A thin semicircle of radius R carries a linear uniform charge density {eq}\lambda {/eq}, as shown in the figure. The point P is at a distance z from the center of the semicircle along the z axis.

(a) What is the total charge of the semicircle?

(b) By integrating, calculate {eq}E_{z} {/eq}, the z-component of the electric field at point P.

(c) What is the potential at point P? Take the potential to be zero at infinity.

(d) Calculate {eq}E_{z} {/eq} at point P using the expression for the potential calculated in (c).

(e) How far from the origin must a charge -Q < 0 be placed so that the potential is zero at the origin?

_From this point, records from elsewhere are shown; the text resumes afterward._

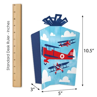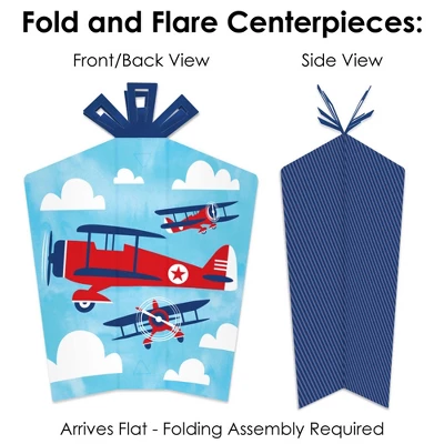 Taking Flight – Airplane Terrific Table Centerpiece Kit INCLUDES 27 paper confetti and 3 fold and flare centerpieces that will look amazing at your Birthday Party or Baby Shower. Make a statement at your celebration with this easy DIY table kit! CIRCLE CONFETTI includes 27 cut-out circle shapes in three different sizes – 12 small circles size 2.75 in, 9 medium circles size 4.25 in, and 6 large circles size 5.5 in. Scatter the Vintage Plane themed confetti across your dessert or buffet table for an impressive addition to your decorations. FOLD AND FLARE CENTERPIECES includes 3 table decorations measure 5 inches wide (front/back) x 3 inches wide (sides) x 10.5 inches tall. These paper table decors require easy folding to flare out each centerpiece for your desired look. Simply, use a flat surface to fold along the scored creases to stand the centerpiece upright and be able to balance on its own. Both Fold and Flare Centerpieces & Confetti Are Professionally Printed Double-Sided on Sturdy Cardstock Paper MADE IN THE USA: Taking Flight – Airplane Terrific Table Centerpiece Kit is designed and manufactured at our Wisconsin facility using materials that are Made in the USA.
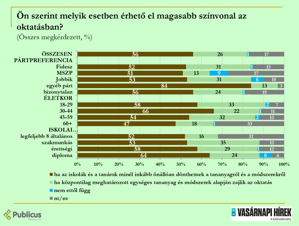 A válaszadók több mint fele (56 százalék) úgy látja, hogy úgy érhető el magasabb színvonal az oktatásban, hogy az iskolás és a tanárok minél inkább önállóan dönthetnek a tananyagról és az oktatási módszerekről. Ezzel szemben a megkérdezettek negyede (26 százalék) szerint akkor magasabb az oktatás színvonala, hogy központilag meghatározott egységes tananyag és módszerek alapján zajlik az oktatás.
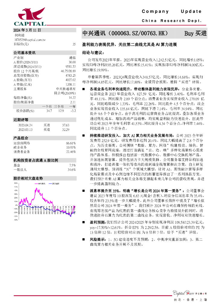 群益证券:中兴通讯(000063)-盈利能力表现优异,关注第二曲线尤其是AI算力进展.pdf
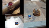 カレッジリングはしっかりと石留めされているものが多く、外すのが大変なのですが今回は運よく、石枠を開いて比較的楽に外すことができました。

## Finding the electric field and electric potential due to a charge distribution

The electric field at a distance {eq}r {/eq} from a point charge {eq}q {/eq} is simply {eq}kq/r^2 {/eq}, where {eq}k {/eq} is Coulomb constant. If we are given a charge density instead of a point charge, then we can express an infinitesimal charge in terms of its charge density and an infinitesimal length. The total field is then the integration of the electric field due to all infinitesimal charge.

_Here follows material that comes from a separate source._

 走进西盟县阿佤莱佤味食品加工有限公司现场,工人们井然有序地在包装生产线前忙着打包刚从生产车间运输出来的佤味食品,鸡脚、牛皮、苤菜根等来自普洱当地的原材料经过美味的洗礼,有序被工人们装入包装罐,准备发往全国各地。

To find the potential, it is simply {eq}kq/r {/eq} if potential at infinity is set to be 0. Again, {eq}q {/eq} can be expressed in terms of charge density and length. When we obtain the potential, it is easy to find the electric field at this point, since the field is just the negative gradient of potential.

(a)

We are given the charge density {eq}\lambda {/eq} of a semicircle with radius {eq}R {/eq}. Suppose the total charge of this semicircle is {eq}Q {/eq}, then {eq}Q {/eq} can be expressed in terms of {eq}\lambda {/eq} and length of this semicircle {eq}l {/eq} or {eq}R {/eq}:

{eq}\begin{align*} Q&= \lambda l,\\ &= \lambda\pi R. \end{align*} {/eq}

(b)

We can find the electric field at point {eq}P {/eq} due to this semicircle by calculating the electric field due to all infinitesimal charge {eq}dQ {/eq}.

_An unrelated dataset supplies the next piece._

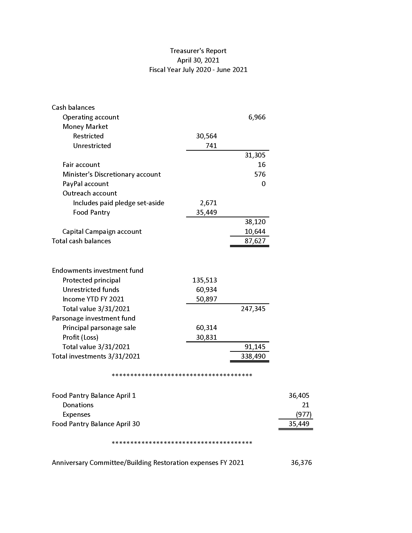 The bottom line in the budget is similar to last year, and still calls for up to $42,000 withdrawal from the endowments as well as $17,500 from the Johnson Fund to absorb our music expenses. If the stock market continues to do well, it will help with not depleting our endowments when we need to make withdrawals.

{eq}\begin{align*} E&=\int dE,\\ &=\int \frac{kdq}{d^2}, \end{align*} {/eq}

where {eq}d {/eq} is the distance from the infinitesimal charge {eq}dq {/eq} to the point {eq}P {/eq}. Inserting the result we obtained in part (a), this equation becomes

{eq}\begin{align*} E&= \frac{k \lambda}{d^2}\int dl,\\ &= \frac{k \lambda R}{d^2}\int_0^\pi d \theta,\\ &= \frac{k \lambda\pi R}{d^2}. \end{align*} {/eq}

Suppose {eq}\theta {/eq} is the angle between the line connecting {eq}P {/eq} and the infinitesimal length {eq}dl {/eq} and the {eq}z {/eq}-axis, then the {eq}z {/eq}-component of the electric field is just

{eq}\begin{align*} E_z&=E \cos\theta,\\ &=E \cdot \frac{z}{d},\\ &= \frac{k \lambda\pi Rz}{d^3},\\ &= \frac{k \lambda\pi Rz}{ \left(R^2+z^2\right)^{3/2}}. \end{align*} {/eq}

Note that since the semicircle is symmetric about the {eq}x {/eq}-axis, {eq}E_y {/eq} is canceled out, and only {eq}E_x {/eq} and {eq}E_z {/eq} are left.

(c)

If taking the potential to be zero at infinity, the potential at point {eq}P {/eq} due to this charge distribution is

{eq}\begin{align*} V&=\int \frac{kdq}{d},\\ &= \frac{k}{d}\int \lambda\,dl,\\ &= \frac{k \lambda R}{d}\int_0^\pi d \theta,\\ &= \frac{k \lambda\pi R}{d},\\ &= \frac{k \lambda\pi R}{ \sqrt{R^2+z^2}}. \end{align*} {/eq}

(d)

When we have obtained the electric potential at point {eq}P {/eq}, the {eq}z {/eq}-component of the electric field is the negative gradient of this potential along {eq}z {/eq}-axis.

{eq}\begin{align*} E_z&=- \frac{\partial V}{\partial z},\\ &=-\left(- \frac{1}{2}\right) \frac{k \lambda\pi R}{ \left(R^2+z^2\right)^{3/2}} \cdot 2z,\\ &= \frac{k \lambda\pi R z}{ \left(R^2+z^2\right)^{3/2}}, \end{align*} {/eq}

which is exactly the same as we have obtained in part (b).

(e)

The electric potential due to this semicircle at origin is when {eq}z=0 {/eq}, so

{eq}\begin{align*} V_O&= \frac{k \lambda\pi R}{R},\\ &=k \lambda\pi,\\ &= \frac{kQ}{R}. \end{align*} {/eq}

The potential at origin is like the potential due to a point charge {eq}Q {/eq} at a distance {eq}R {/eq} from origin. Hence, if we put a negative charge {eq}-Q {/eq} at a distance {eq}R {/eq} from origin, the electric potential is

{eq}\begin{align*} V&= -\frac{kQ}{R}, \end{align*} {/eq}

which can be canceled out the potential due to the semicircle.